7

I installed Ubuntu 15.10 in a VirtualBox in Windows 7 and everything is working as expected so far apart from one little thing that drives me crazy.

It happens in gnome applications like gedit and synaptic, but doesn't happen in applications like xfce4-terminal (where I can scroll the buffer using the mouse wheel).

The problem is that after clicking with the left mouse button in the gnome application, the first scroll wheel up / down activation is lost and only from the second up / down activation on scrolling actually happens. This feels like scrolling is not reliable and exact so I would really like to get rid of it.

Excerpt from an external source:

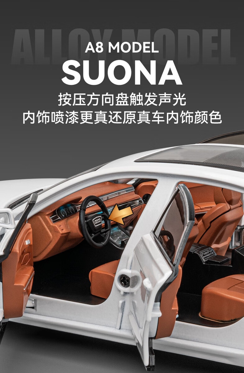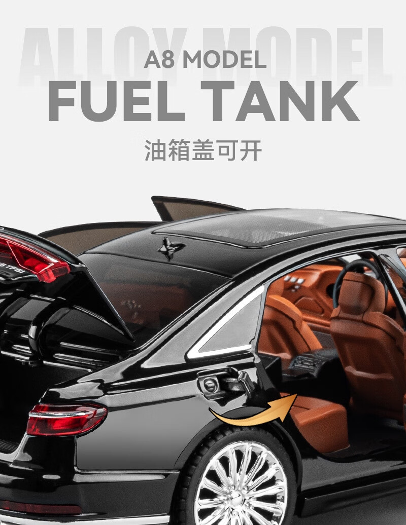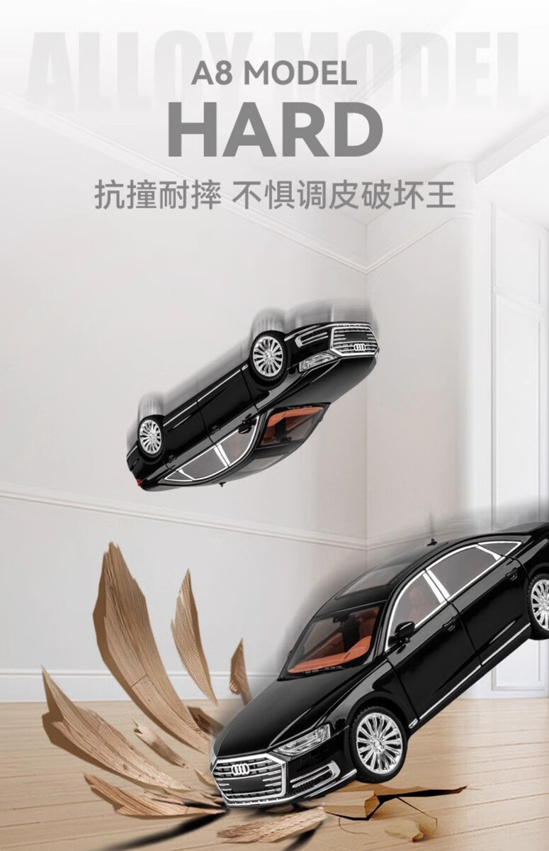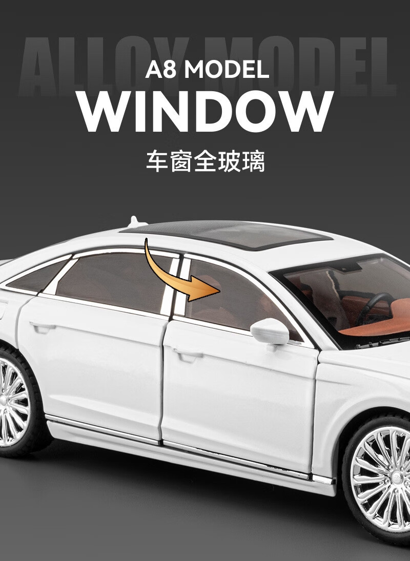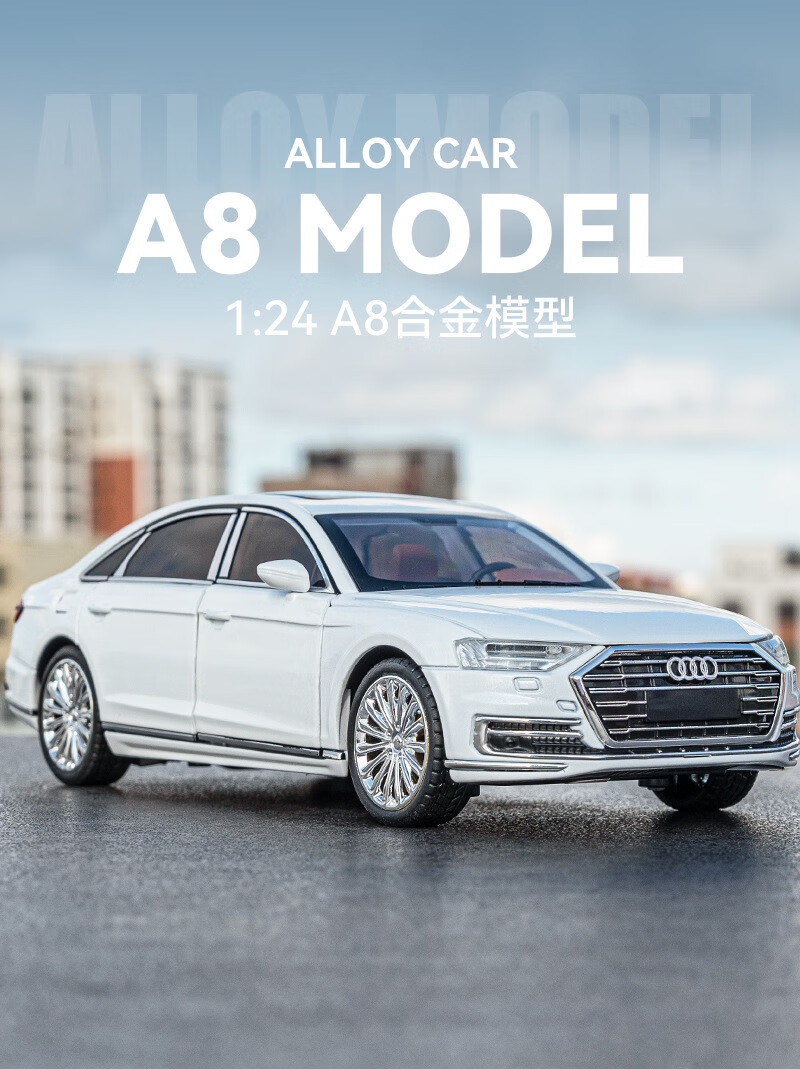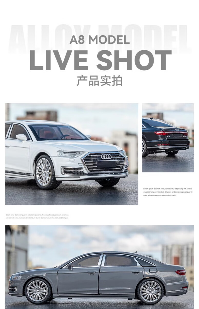124 Large Audi 8 Sedan 6 Alloy Simulation Car Model Children's Gifts Boys Toy Collection Ornaments 14 Black Audi A7 Tail Wing Lift + Rearview Mirror Folding

I don't think using VirtualBox is the problem since it doesn't happen in xfce4-terminal, and I configured the mouse to emulate a PS/2 mouse, not a touchpad. However I think this behaviour of gnome may be due to some default setting which is thought of being a good default for touchpads to prevent unintended scrolling or something like that.

I didn't find any option to change this behaviour in the ubuntu mouse settings or the xfce4 mouse settings, and I didn't find anything useful when searching for options in gconf-editor or dconf-editor.

neoc
  • 71

4 Answers4

1

I fixed this problem by using imwheel, just put this into ~/.imwheelrc

".*"
Control_L, Up,   Control_L|Button4
Control_L, Down, Control_L|Button5
Shift_L,   Up,   Shift_L|Button4
Shift_L,   Down, Shift_L|Button5

and run imwheel -b "45".

PS: It doesn't change the scrolling speed of any application.

nahso4
  • 11
0

This is a known bug happens when using Gnome+Xorg. I have the same problem in gnome 3.32 Arch running natively.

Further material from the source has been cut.